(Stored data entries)
== Segment start ==
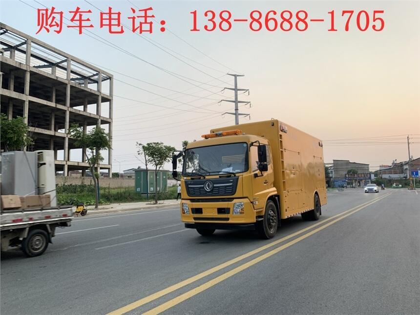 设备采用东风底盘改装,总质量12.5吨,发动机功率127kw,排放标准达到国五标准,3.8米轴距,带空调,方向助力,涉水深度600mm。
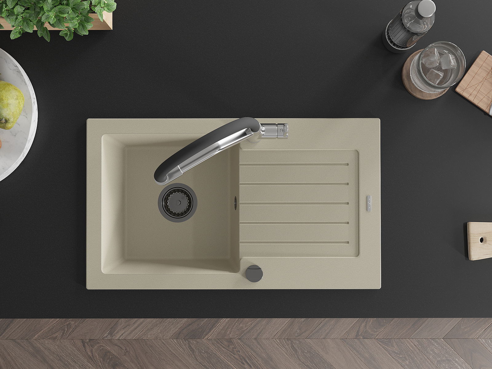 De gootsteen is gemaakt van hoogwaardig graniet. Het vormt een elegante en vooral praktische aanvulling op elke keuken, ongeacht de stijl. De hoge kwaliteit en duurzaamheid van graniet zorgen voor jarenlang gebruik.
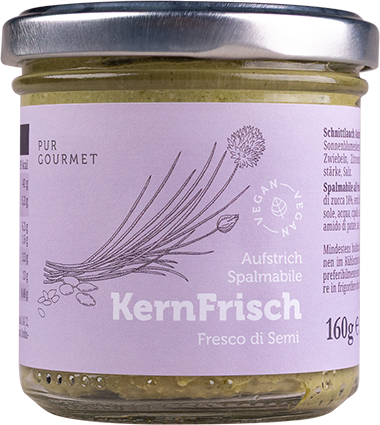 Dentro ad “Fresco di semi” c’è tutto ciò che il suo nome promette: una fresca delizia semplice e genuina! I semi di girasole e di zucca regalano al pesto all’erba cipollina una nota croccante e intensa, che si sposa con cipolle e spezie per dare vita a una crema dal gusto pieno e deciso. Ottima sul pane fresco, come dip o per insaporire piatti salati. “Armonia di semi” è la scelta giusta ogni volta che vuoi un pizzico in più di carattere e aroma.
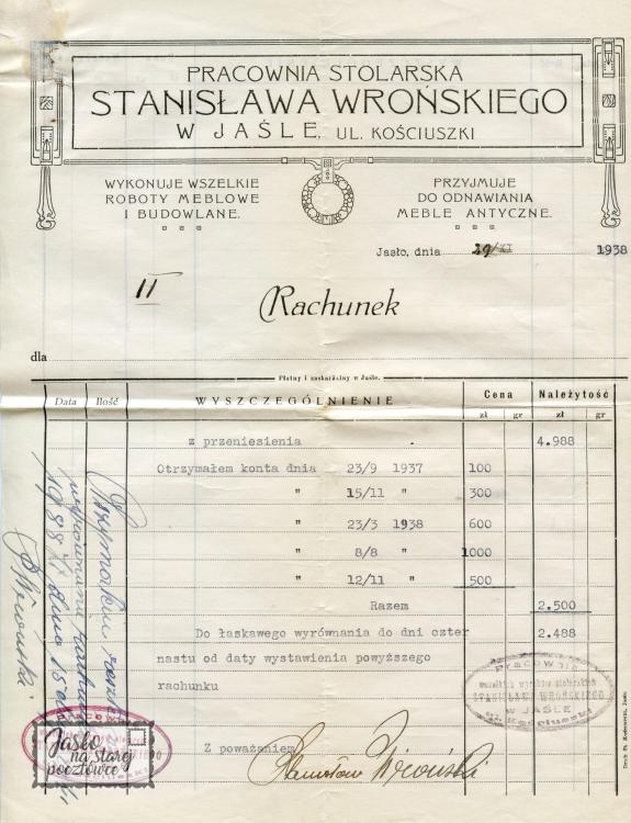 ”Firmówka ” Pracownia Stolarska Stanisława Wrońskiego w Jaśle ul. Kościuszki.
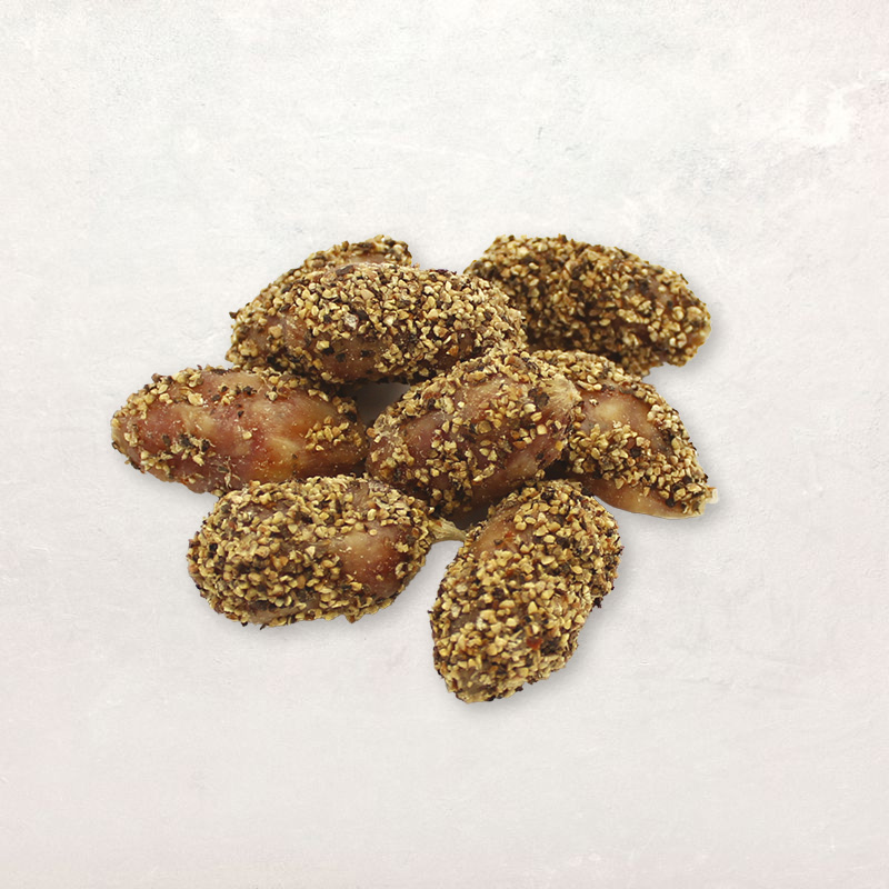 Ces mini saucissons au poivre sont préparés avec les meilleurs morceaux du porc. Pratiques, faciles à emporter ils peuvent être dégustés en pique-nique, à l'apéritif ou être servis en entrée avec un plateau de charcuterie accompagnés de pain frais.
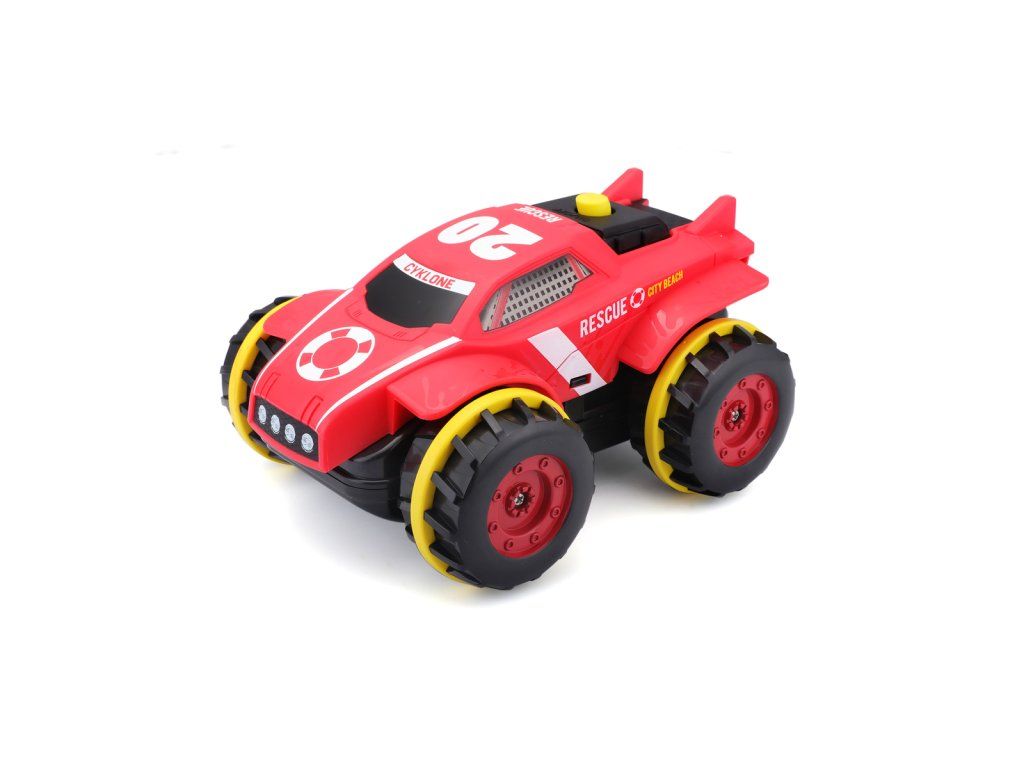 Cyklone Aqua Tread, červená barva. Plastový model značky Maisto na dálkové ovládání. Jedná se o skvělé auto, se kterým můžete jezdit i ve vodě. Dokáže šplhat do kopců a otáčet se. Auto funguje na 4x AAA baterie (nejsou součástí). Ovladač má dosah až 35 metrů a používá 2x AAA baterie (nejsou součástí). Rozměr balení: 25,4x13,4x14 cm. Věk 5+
== Segment end ==
**EXERCISE AIM**. In the records above, transcribe exactly the lines from the one containing "Ces mini saucissons" through the last line, both included, and skip the pictures.

**TASK RESULT**.
 Ces mini saucissons au poivre sont préparés avec les meilleurs morceaux du porc. Pratiques, faciles à emporter ils peuvent être dégustés en pique-nique, à l'apéritif ou être servis en entrée avec un plateau de charcuterie accompagnés de pain frais.
 Cyklone Aqua Tread, červená barva. Plastový model značky Maisto na dálkové ovládání. Jedná se o skvělé auto, se kterým můžete jezdit i ve vodě. Dokáže šplhat do kopců a otáčet se. Auto funguje na 4x AAA baterie (nejsou součástí). Ovladač má dosah až 35 metrů a používá 2x AAA baterie (nejsou součástí). Rozměr balení: 25,4x13,4x14 cm. Věk 5+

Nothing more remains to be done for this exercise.